Эллия снова опустила голову, когда это чувство в ее груди скрутило и скрутило узлом.

— Так было заведено в этом мире. Люди убивали людей, драконы убивали драконов, и иногда эти два вида пересекались, и наши виды убивали друг друга. Конечно, люди всегда платили гораздо более высокую цену жизнями.

Неверие временно отодвинуло в сторону другие ее эмоции, и она нахмурилась.

— Я видела тебя в твоем естественном облике, дракон. Я не верю, что люди когда-либо могли убить такое существо, как ты.

Фальтирис издал короткий горький смешок.

— В те времена у твоего народа было очень много оружия, кроме палок и камней, человек. Но я отвлекся. Как уже сказал, я принял учение моего отца близко к сердцу и решил стать образцом драконьего рода. Король среди королей. Я бросал вызов старейшим, самым могущественным из моего рода, повелителям драконов, одному за другим. Я победил всех, с кем сталкивался, объявил их территорию своей и прогнал их с позором.

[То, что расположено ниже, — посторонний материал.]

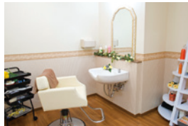
いつまでも美しくいていただく ための理美容室

— Так вот почему ты назвал себя Повелителем Мерцающих вершин? — тихо спросила Эллия.

— Да. Это был не титул, на который претендовали из гордыни, но который он заслужил. И я инициировал аналогичное завоевание Заброшенных песков. Оставался только один дракон лорд, которому предстояло принять мой вызов, и еще одно препятствие, которое нужно было преодолеть. Мой отец. Несмотря на его возражения, несмотря на протесты моей матери, я бросил ему вызов, и он не мог отказаться — драконы нелегко расстаются со своей гордостью, как я уверен, ты уже поняла. Несколько представителей нашего вида пришли, чтобы засвидетельствовать это. Я сражался со всем опытом и силой, которые приобрел за эти годы, подпитываемый немалой долей высокомерия — ибо я был Фальтирисом Золотым, Фальтирисом Завоевателем, Повелителем Мерцающих вершин и вскоре должен был стать правителем Заброшенных песков. И несмотря на мою доблесть, несмотря на мой напор… он превзошел меня. Это стоило ему очень дорого, но он заставил меня уступить. Я не осознавал серьезности ран, которые он получил во время нашей битвы; моя уязвленная гордость ослепила меня.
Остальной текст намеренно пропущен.